** Opening AVAILABLE DATA block **
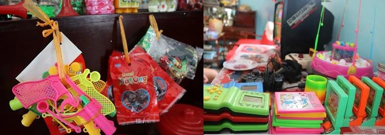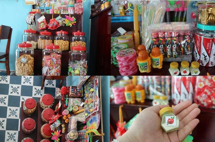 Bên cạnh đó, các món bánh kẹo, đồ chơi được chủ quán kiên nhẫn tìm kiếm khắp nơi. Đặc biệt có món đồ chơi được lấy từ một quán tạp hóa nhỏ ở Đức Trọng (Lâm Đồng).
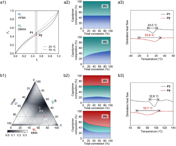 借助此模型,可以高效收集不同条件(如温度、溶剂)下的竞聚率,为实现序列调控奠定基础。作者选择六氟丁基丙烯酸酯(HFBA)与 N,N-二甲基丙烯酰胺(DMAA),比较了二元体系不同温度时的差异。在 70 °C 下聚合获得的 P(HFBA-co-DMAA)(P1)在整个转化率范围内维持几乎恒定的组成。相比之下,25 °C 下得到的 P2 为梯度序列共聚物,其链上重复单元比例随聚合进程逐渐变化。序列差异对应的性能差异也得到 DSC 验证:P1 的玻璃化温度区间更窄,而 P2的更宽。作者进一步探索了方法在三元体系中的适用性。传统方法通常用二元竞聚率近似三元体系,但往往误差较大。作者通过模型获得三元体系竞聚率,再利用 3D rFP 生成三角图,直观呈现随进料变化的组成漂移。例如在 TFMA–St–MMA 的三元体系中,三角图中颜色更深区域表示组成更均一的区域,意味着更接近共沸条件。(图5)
** Closing AVAILABLE DATA block **
** Opening AVAILABLE DATA block **
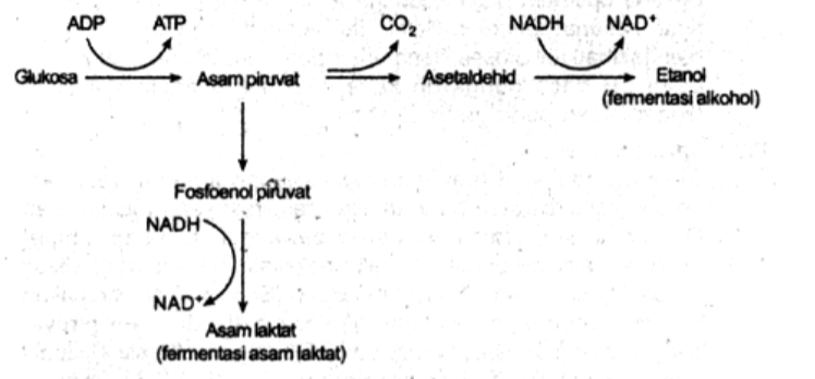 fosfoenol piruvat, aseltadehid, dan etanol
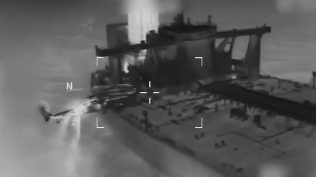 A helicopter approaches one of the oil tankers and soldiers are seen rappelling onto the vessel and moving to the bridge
** Closing AVAILABLE DATA block **
** Opening AVAILABLE DATA block **
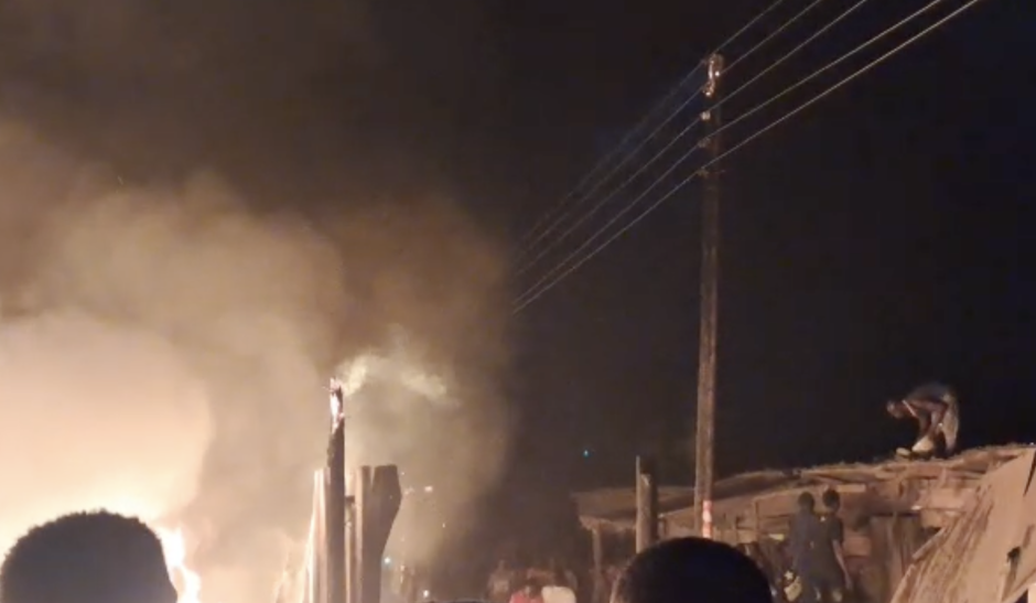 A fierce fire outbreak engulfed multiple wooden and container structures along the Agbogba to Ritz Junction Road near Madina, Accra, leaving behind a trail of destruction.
** Closing AVAILABLE DATA block **
Using the entries above, transcribe exactly from the line that has "Bên cạnh đó, các" through the line that has "N,N-二甲基丙烯酰胺(DMAA),比较了二元体系不同温度时的差异。在 70 °C". Pictures are dropped.

 Bên cạnh đó, các món bánh kẹo, đồ chơi được chủ quán kiên nhẫn tìm kiếm khắp nơi. Đặc biệt có món đồ chơi được lấy từ một quán tạp hóa nhỏ ở Đức Trọng (Lâm Đồng).
 借助此模型,可以高效收集不同条件(如温度、溶剂)下的竞聚率,为实现序列调控奠定基础。作者选择六氟丁基丙烯酸酯(HFBA)与 N,N-二甲基丙烯酰胺(DMAA),比较了二元体系不同温度时的差异。在 70 °C 下聚合获得的 P(HFBA-co-DMAA)(P1)在整个转化率范围内维持几乎恒定的组成。相比之下,25 °C 下得到的 P2 为梯度序列共聚物,其链上重复单元比例随聚合进程逐渐变化。序列差异对应的性能差异也得到 DSC 验证:P1 的玻璃化温度区间更窄,而 P2的更宽。作者进一步探索了方法在三元体系中的适用性。传统方法通常用二元竞聚率近似三元体系,但往往误差较大。作者通过模型获得三元体系竞聚率,再利用 3D rFP 生成三角图,直观呈现随进料变化的组成漂移。例如在 TFMA–St–MMA 的三元体系中,三角图中颜色更深区域表示组成更均一的区域,意味着更接近共沸条件。(图5)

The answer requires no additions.